**YOUR GOAL:** Taking the line that contains "Gambar. Mengajar PAUD" as the starting point, give again exactly every line up to and including the last line of the records below.

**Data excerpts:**

____

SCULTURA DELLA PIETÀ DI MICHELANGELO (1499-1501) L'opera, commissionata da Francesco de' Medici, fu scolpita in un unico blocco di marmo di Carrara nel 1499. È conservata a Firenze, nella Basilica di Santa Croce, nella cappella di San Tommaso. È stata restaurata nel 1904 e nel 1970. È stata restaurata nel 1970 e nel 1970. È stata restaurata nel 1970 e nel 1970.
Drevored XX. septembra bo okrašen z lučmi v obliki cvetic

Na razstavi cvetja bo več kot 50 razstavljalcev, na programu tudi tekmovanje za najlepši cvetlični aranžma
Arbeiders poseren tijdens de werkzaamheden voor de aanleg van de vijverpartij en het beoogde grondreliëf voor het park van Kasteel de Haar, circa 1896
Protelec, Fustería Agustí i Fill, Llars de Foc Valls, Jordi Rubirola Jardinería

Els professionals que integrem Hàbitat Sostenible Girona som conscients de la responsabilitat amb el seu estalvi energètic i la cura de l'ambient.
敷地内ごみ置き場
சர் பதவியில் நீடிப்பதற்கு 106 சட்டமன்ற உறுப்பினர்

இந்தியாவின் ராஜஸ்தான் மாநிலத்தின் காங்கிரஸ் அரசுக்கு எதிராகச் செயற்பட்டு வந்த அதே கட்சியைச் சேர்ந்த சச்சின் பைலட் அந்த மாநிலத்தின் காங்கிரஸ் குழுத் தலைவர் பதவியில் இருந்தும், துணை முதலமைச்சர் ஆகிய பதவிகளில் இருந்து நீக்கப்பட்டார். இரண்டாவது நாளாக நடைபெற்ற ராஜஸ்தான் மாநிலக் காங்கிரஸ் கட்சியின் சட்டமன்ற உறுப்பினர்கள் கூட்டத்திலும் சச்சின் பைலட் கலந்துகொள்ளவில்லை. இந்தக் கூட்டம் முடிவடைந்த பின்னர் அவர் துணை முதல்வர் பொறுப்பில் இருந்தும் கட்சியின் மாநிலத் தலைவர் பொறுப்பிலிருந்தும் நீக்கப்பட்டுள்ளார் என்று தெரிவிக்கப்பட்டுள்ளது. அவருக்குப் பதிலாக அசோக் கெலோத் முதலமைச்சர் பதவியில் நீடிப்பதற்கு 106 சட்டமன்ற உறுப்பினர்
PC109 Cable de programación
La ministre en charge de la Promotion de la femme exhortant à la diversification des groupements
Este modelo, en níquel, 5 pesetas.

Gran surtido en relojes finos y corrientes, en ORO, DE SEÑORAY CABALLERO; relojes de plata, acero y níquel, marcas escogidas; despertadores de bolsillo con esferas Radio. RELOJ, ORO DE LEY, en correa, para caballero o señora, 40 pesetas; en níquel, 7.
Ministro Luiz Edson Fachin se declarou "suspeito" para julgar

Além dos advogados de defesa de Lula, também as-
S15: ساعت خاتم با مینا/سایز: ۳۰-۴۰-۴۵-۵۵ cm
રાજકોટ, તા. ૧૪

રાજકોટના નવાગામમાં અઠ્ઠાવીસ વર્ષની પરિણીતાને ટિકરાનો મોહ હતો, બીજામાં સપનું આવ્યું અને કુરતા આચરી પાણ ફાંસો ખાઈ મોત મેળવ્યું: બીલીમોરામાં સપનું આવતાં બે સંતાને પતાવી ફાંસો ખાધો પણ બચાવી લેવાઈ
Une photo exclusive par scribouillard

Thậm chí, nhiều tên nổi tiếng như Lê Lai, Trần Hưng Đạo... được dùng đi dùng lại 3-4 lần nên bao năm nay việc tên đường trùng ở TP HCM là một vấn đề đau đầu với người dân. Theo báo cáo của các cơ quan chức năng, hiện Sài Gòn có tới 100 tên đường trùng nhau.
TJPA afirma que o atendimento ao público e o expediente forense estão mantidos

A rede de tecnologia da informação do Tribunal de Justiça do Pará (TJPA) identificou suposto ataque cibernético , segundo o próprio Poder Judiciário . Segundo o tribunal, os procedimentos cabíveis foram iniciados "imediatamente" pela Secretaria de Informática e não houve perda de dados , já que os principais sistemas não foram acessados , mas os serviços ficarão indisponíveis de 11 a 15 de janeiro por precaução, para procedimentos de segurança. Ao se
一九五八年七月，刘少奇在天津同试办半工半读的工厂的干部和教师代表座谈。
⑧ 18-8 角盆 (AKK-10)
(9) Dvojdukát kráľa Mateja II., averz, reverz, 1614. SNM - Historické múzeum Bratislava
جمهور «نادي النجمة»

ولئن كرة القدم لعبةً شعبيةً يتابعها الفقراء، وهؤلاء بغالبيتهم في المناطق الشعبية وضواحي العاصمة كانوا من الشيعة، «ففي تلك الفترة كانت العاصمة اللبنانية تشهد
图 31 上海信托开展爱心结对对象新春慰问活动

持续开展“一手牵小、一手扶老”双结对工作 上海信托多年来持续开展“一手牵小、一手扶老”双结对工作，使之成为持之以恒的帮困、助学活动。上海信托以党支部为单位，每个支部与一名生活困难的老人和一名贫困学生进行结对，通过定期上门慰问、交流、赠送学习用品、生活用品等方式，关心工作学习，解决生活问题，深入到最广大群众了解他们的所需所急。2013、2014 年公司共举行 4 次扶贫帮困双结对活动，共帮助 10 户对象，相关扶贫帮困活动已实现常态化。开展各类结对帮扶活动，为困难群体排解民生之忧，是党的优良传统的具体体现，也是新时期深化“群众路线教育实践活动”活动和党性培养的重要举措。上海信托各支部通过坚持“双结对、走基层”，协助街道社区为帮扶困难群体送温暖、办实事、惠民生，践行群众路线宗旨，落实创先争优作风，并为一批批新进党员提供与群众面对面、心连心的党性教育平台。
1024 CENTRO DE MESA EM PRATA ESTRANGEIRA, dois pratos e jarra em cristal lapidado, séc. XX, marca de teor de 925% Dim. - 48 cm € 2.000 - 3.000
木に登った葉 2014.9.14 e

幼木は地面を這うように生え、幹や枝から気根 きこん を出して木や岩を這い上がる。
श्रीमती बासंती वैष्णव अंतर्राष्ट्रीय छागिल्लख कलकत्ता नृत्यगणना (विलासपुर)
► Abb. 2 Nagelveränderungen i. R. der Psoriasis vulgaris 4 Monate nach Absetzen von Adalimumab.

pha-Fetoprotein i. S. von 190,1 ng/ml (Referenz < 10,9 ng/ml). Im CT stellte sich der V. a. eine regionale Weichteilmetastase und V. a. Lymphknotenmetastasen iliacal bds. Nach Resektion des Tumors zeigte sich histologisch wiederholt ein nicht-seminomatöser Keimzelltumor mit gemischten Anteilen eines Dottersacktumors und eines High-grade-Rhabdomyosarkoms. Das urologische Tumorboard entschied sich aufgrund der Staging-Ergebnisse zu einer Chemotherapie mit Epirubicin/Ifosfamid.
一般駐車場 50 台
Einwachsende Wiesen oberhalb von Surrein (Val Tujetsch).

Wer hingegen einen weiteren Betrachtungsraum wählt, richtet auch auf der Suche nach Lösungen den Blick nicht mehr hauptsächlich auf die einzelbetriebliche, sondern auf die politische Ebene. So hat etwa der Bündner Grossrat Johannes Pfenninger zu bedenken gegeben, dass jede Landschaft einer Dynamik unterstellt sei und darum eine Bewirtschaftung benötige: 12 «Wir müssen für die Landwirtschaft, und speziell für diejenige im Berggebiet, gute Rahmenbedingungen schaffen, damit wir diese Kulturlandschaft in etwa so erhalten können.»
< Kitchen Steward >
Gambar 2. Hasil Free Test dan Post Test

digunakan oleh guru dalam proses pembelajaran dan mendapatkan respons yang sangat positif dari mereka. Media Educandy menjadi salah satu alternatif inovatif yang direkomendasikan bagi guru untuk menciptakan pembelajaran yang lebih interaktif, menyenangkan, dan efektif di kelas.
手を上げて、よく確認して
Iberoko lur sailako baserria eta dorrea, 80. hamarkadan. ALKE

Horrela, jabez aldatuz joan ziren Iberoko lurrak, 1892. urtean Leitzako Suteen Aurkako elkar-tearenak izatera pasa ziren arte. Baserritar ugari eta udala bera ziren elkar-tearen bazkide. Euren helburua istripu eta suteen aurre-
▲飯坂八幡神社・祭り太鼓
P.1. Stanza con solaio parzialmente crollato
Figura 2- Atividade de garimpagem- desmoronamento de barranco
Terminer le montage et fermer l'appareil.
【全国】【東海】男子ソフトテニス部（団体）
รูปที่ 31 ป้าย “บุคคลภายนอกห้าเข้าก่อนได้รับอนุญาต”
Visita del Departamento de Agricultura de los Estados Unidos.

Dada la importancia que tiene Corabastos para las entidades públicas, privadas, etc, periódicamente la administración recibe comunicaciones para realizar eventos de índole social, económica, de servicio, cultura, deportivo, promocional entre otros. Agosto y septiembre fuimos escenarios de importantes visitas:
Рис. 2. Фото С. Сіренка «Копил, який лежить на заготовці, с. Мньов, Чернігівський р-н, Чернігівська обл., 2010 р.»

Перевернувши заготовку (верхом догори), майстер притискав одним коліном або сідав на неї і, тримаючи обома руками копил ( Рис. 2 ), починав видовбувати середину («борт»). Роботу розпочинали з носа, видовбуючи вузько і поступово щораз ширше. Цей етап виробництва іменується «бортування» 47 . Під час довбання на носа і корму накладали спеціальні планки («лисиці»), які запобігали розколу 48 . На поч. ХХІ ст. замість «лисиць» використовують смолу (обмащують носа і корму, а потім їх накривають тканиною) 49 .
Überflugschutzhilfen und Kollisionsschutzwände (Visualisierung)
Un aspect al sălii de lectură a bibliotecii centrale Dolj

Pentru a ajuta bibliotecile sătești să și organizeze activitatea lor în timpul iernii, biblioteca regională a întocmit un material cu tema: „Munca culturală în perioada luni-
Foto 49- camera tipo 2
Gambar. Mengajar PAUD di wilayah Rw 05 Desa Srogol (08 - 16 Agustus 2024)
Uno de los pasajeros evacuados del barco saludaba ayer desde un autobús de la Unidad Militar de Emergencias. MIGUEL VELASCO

____

**REPLY TO THE TASK:**
Gambar. Mengajar PAUD di wilayah Rw 05 Desa Srogol (08 - 16 Agustus 2024)
Uno de los pasajeros evacuados del barco saludaba ayer desde un autobús de la Unidad Militar de Emergencias. MIGUEL VELASCO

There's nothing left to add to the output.